I have been wondering if there is some kind of data-structure or clever way to use a dictionary (O(1) lookup) to return a value if there are given values for defined ranges that do not overlap. So far I have been thinking this could be done if the ranges have some constant difference (0-2, 2-4, 4-6, etc.) or a binary-search could be done to do this in O(log(n)) time.

So, for example given a dictionary,

d = {[0.0 - 0.1): "a",
     [0.1 - 0.3): "b",
     [0.3 - 0.55): "c",
     [0.55 - 0.7): "d",
     [0.7 - 1.0): "e"}

it should return,

d[0.05] 
>>> "a"
d[0.8]
>>> "e"
d[0.9]
>>> "e"
d[random.random()] # this should also work

Is there anyway to achieve something like this? Thanks for any responses or answers on this.

解决方案

You can have O(1) lookup time if you accept a low(er) resolution of range boundaries and sacrifice memory for lookup speed.

A dictionary can do a lookup in O(1) average time because there is a simple arithmetic relationship between key and location in a fixed-size data structure (hash(key) % tablesize, for the average case). Your ranges are effectively of a variable size with floating-point boundaries, so there is no fixed tablesize to map a search value to.

Unless, that is, you limit the absolute lower and upper boundaries of the ranges, and let range boundaries fall on a fixed step size. Your example uses values from 0.0 through to 1.0, and the ranges can be quantized to 0.05 steps. That can be turned into a fixed table:

import math
from collections import MutableMapping

# empty slot marker
_EMPTY = object()

class RangeMap(MutableMapping):
    """Map points to values, and find values for points in O(1) constant time

    The map requires a fixed minimum lower and maximum upper bound for
    the ranges. Range boundaries are quantized to a fixed step size. Gaps
    are permitted, when setting overlapping ranges last range set wins.

    """
    def __init__(self, map=None, lower=0.0, upper=1.0, step=0.05):
        self._mag = 10 ** -round(math.log10(step) - 1)  # shift to integers
        self._lower, self._upper = round(lower * self._mag), round(upper * self._mag)
        self._step = round(step * self._mag)
        self._steps = (self._upper - self._lower) // self._step
        self._table = [_EMPTY] * self._steps
        self._len = 0
        if map is not None:
            self.update(map)

    def __len__(self):
        return self._len

    def _map_range(self, r):
        low, high = r
        start = round(low * self._mag) // self._step
        stop = round(high * self._mag) // self._step
        if not self._lower <= start < stop <= self._upper:
            raise IndexError('Range outside of map boundaries')
        return range(start - self._lower, stop - self._lower)

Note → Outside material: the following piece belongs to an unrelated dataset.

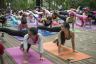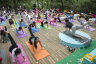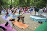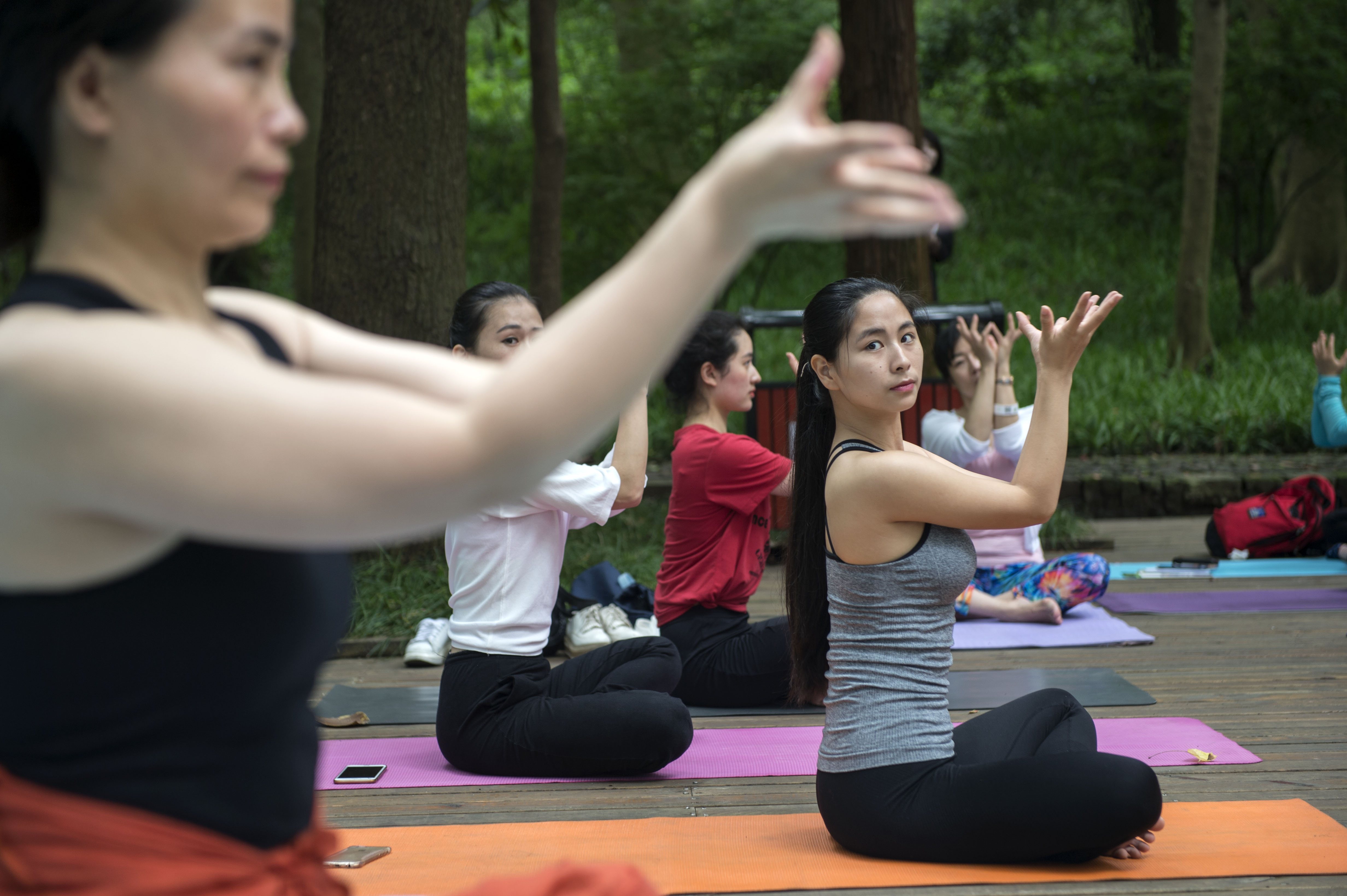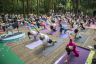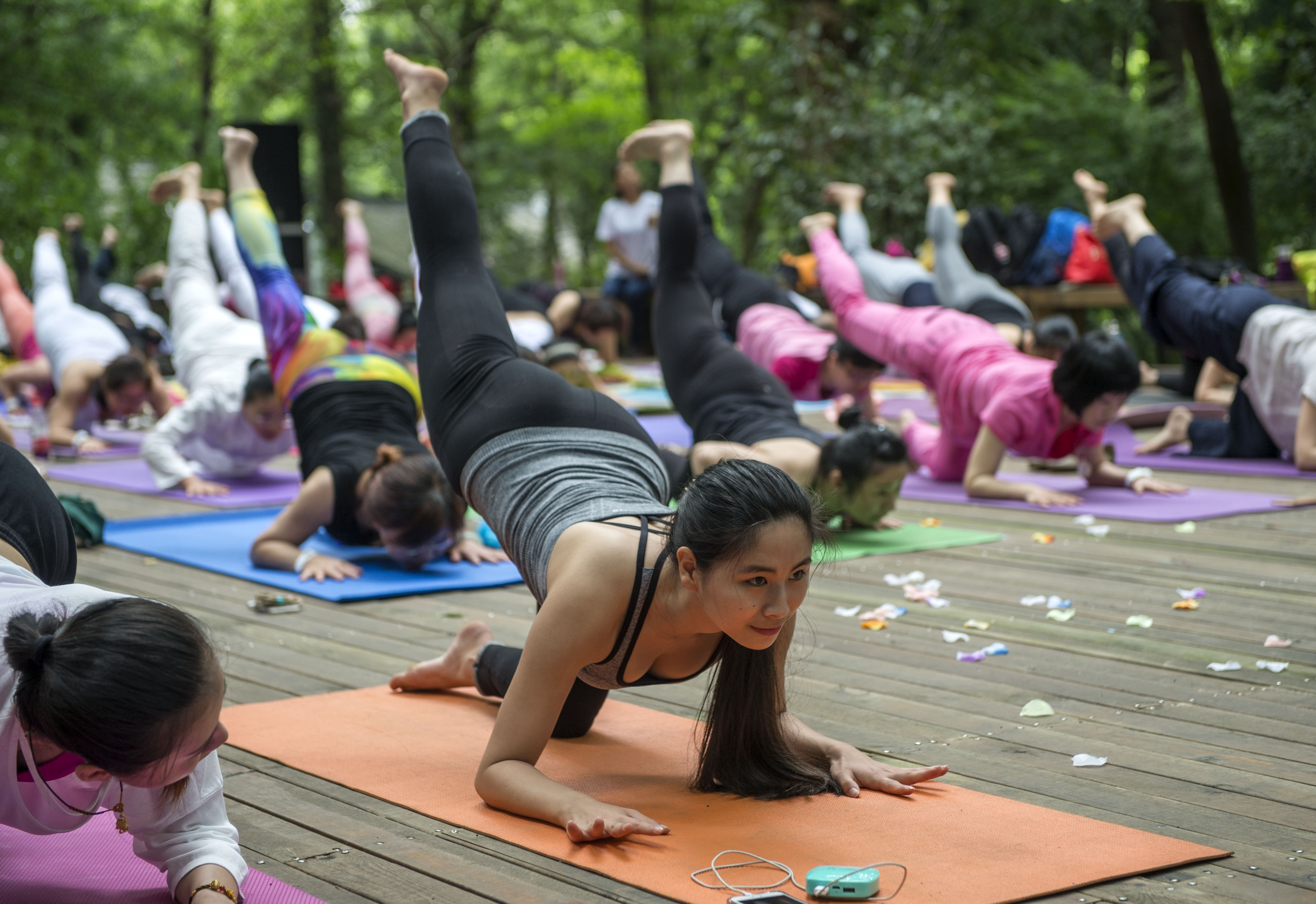 6月19日,杭州虎跑公園舉行“森林瑜伽”展示活動,近百名瑜伽愛好者遠離城市的喧囂以及PM2.5,在300平米的室外平臺上舒展身心,聆聽潺潺泉水聲,與蔥郁山林渾然一體,十分愜意。

    def __setitem__(self, r, value):
        for i in self._map_range(r):
            self._len += int(self._table[i] is _EMPTY)
            self._table[i] = value

    def __delitem__(self, r):
        for i in self._map_range(r):
            self._len -= int(self._table[i] is not _EMPTY)
            self._table[i] = _EMPTY

    def _point_to_index(self, point):
        point = round(point * self._mag)
        if not self._lower <= point <= self._upper:
            raise IndexError('Point outside of map boundaries')
        return (point - self._lower) // self._step

    def __getitem__(self, point_or_range):
        if isinstance(point_or_range, tuple):
            low, high = point_or_range
            r = self._map_range(point_or_range)
            # all points in the range must point to the same value
            value = self._table[r[0]]
            if value is _EMPTY or any(self._table[i] != value for i in r):
                raise IndexError('Not a range for a single value')
        else:
            value = self._table[self._point_to_index(point_or_range)]
            if value is _EMPTY:
                raise IndexError('Point not in map')
        return value

    def __iter__(self):
        low = None
        value = _EMPTY
        for i, v in enumerate(self._table):
            pos = (self._lower + (i * self._step)) / self._mag
            if v is _EMPTY:
                if low is not None:
                    yield (low, pos)
                    low = None
            elif v != value:
                if low is not None:
                    yield (low, pos)
                low = pos
                value = v
        if low is not None:
            yield (low, self._upper / self._mag)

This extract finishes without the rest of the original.